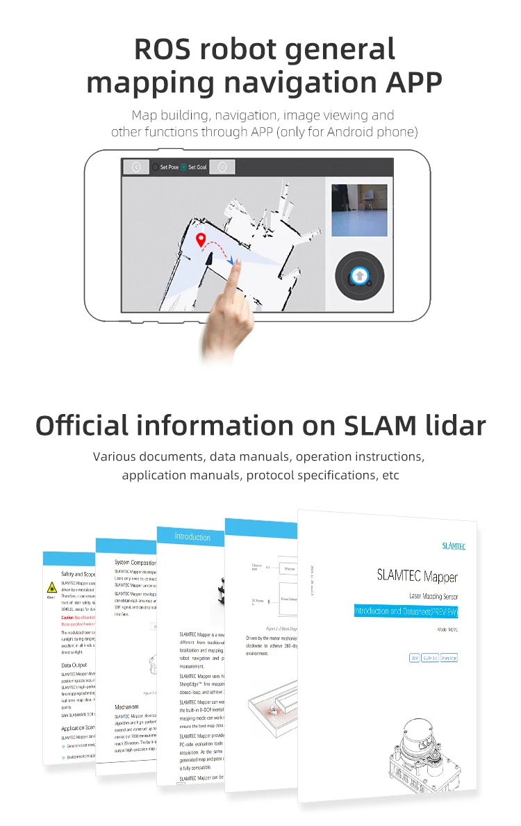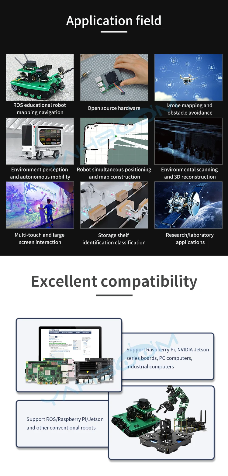 * Подходит для программирования роботов для синхронизации позиционирования и построения карт, сканирования окружающей среды и обнаружения препятствий.
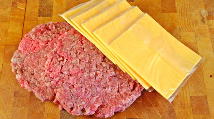 まず、肉だねを半分に分け、ラップの上で同じ厚さの円盤を2枚作ります。
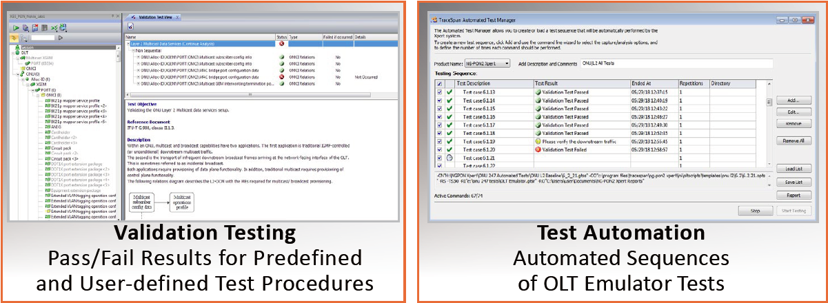 NG-PON Xpert还可以作为一个OLT模拟器,在独立的基础上测试ONU。它可以生成PLOAM消息来激活ONU,也可以作为OMCI主机来生成和传输OMCI消息。NG-PON Xpert OLT仿真器与分析器结合提供了一个集成的ONU一致性测试工具,该工具同时生成命令,分析ONU响应,将其行为与预期的一致性进行比较,并报告其检测到的任何不一致性。
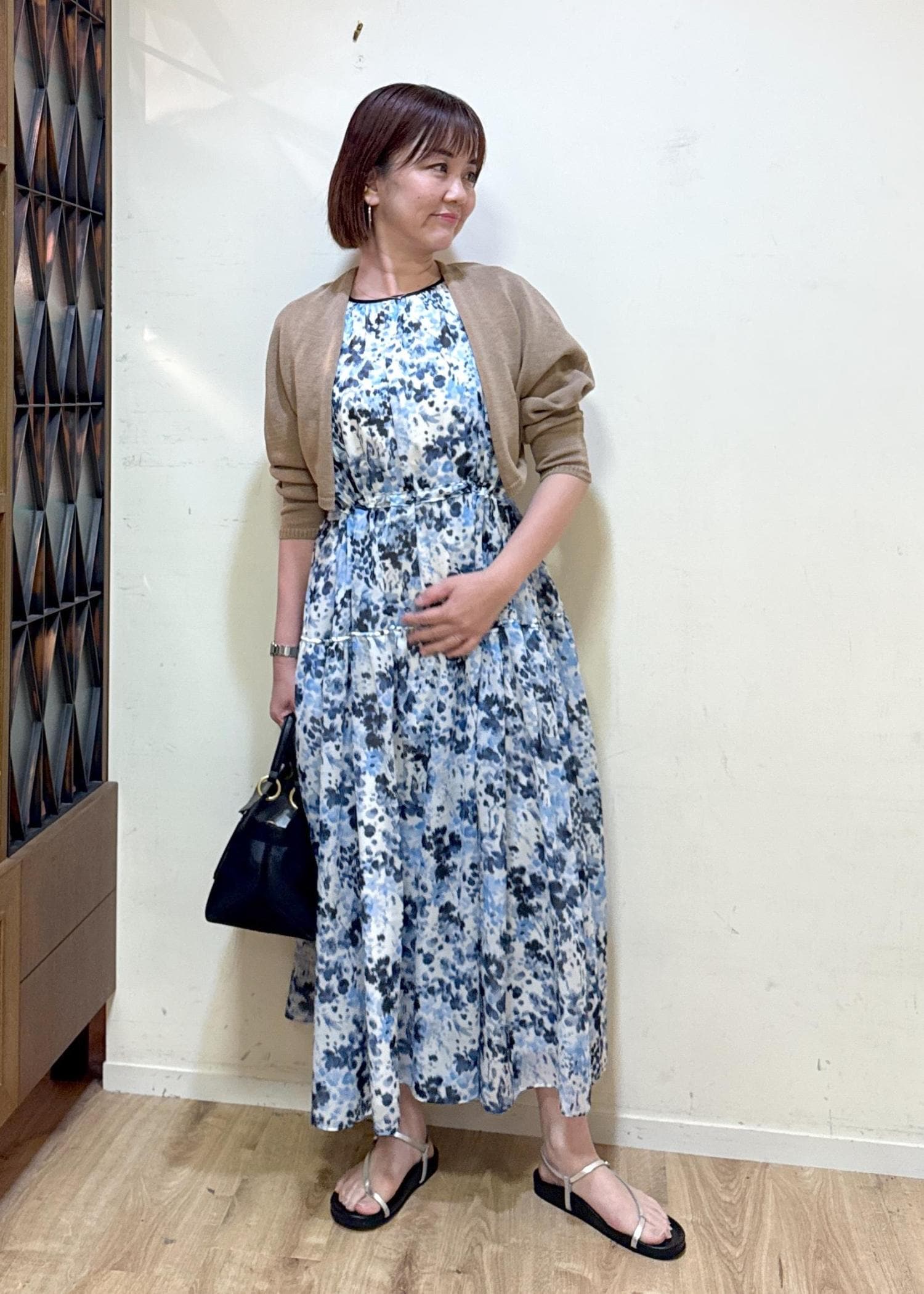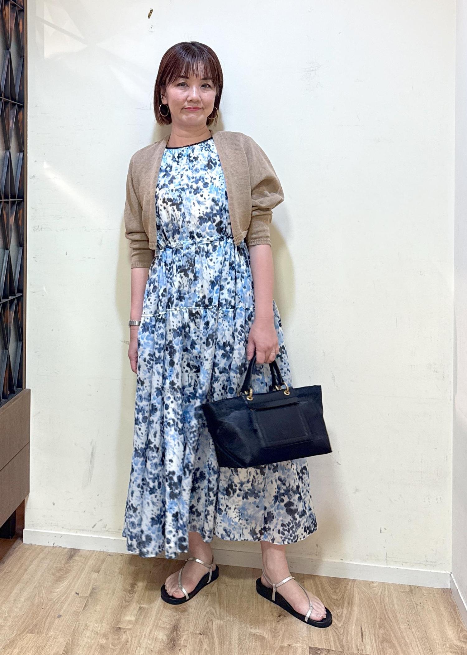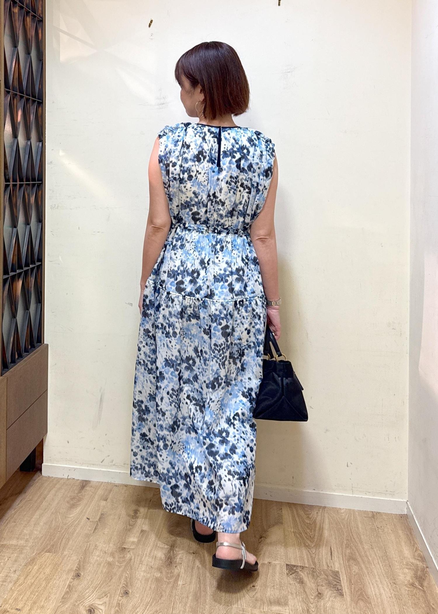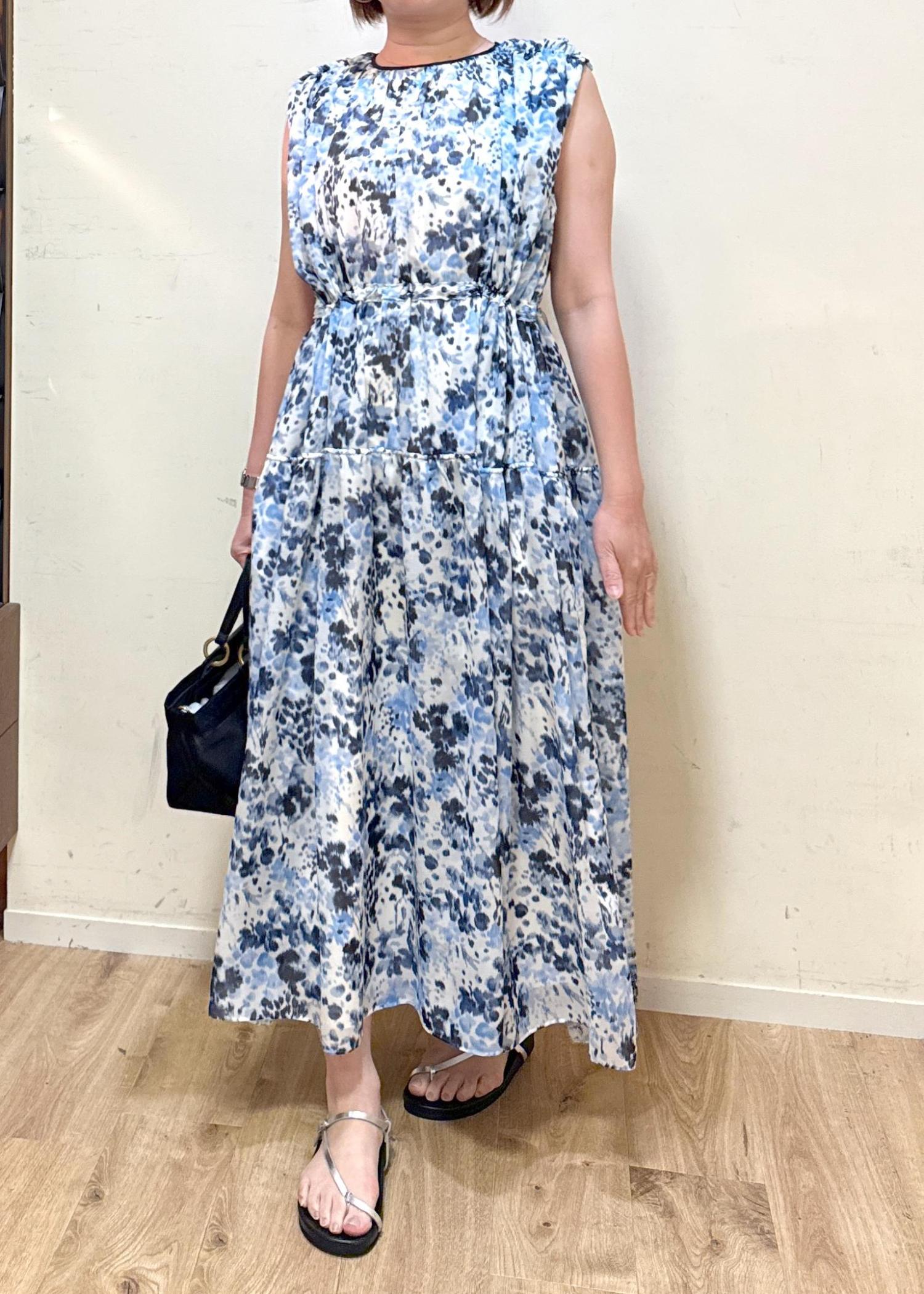 かすれた様なブルーの水彩画のフラワープリントがとても涼しく見えてこれから暑い夏に着たくなるワンピースです。

WHAT YOU HAVE TO DO -
When you reach the line containing "まず、肉だねを半分に分け、ラップの上で同じ厚さの円盤を2枚作ります。" in the listing above, reproduce it and every line after it through the last, exactly; omit the pictures.

WRITTEN RESPONSE -
 まず、肉だねを半分に分け、ラップの上で同じ厚さの円盤を2枚作ります。
 NG-PON Xpert还可以作为一个OLT模拟器,在独立的基础上测试ONU。它可以生成PLOAM消息来激活ONU,也可以作为OMCI主机来生成和传输OMCI消息。NG-PON Xpert OLT仿真器与分析器结合提供了一个集成的ONU一致性测试工具,该工具同时生成命令,分析ONU响应,将其行为与预期的一致性进行比较,并报告其检测到的任何不一致性。
 かすれた様なブルーの水彩画のフラワープリントがとても涼しく見えてこれから暑い夏に着たくなるワンピースです。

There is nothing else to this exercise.